There is a sentence in "Silence Like Diamonds"  -- oh,that? How nice of you to ask. The fourth episode is up now, over at Light Reading, and if this is your first time here you can find my explanation here and Light Reading's explanation there. If you really just wanted to read a good story, go read! This will wait!
(Smiling and waving as a few folks leave the room)
RUN FOR YOUR LIFE, IT'S  ABOUT TO BE MATH IN HERE!
(crouching behind podium until pandemonium subsides, addressing the few remaining cool people in the front row) 
All right then. 
As I was saying, there's a sentence in "Silence Like Diamonds" that draws a lot of questions from readers, so I thought today I'd talk about that.  It's in Episode 3, which ran last Friday:
Ever since the Yan-Dimri fast factorization algorithm had flipped the advantage from the encryptors to the cryptanalysts, only isolated systems could be really secure (at the cost of being really useless).
I'm happy to note that in the 72 hours after that, "Yan-Dimri fast factorization" drew a few search hits on Google, so to begin with: I made that up.

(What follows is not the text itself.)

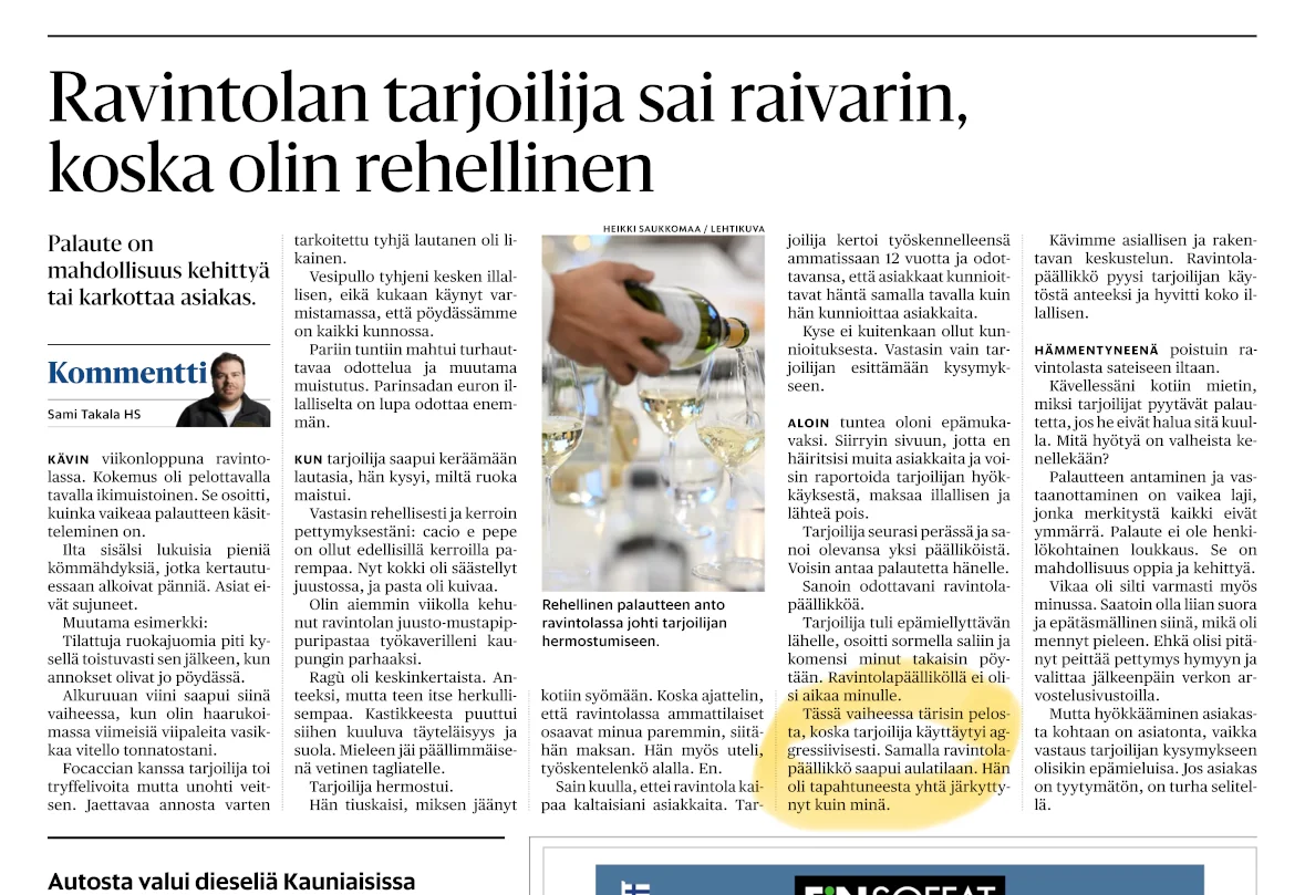 Huvittaa toi että tärisi pelosta kun tarjoilija osotti sormella.

We call this stuff science fiction, you know?
But I'm guessing that the reason why it drew Google attention was because there are plenty of people who recognize the implications in that sentence; in fact I'm a bit surprised that more people don't.
So to begin at the beginning: since about the 16th century in the European cultural sphere, and no later than 1900 everywhere, there's been a relentless arms race between encryptors (codemakers) and cryptanalysts (codebreakers). Mathematical tools have gotten better and better on both sides, and theoretical understanding of encryption/decryption has advanced rapidly, driven first by the competing great powers in the last half of the 1800s, and then by war and cold war, and now by a huge international information market.
The balance began to swing -- apparently permanently -- toward encryption with the introduction of keyword, master key, etc. systems. I'm skipping over a vast amount of detail here, so real crypto people please forgive all the variations and interesting sidelines that I might introduce.  Here's a too-brief and too-undetailed version of how we got where we are now, and how the world of "Silence Like Diamonds" is different.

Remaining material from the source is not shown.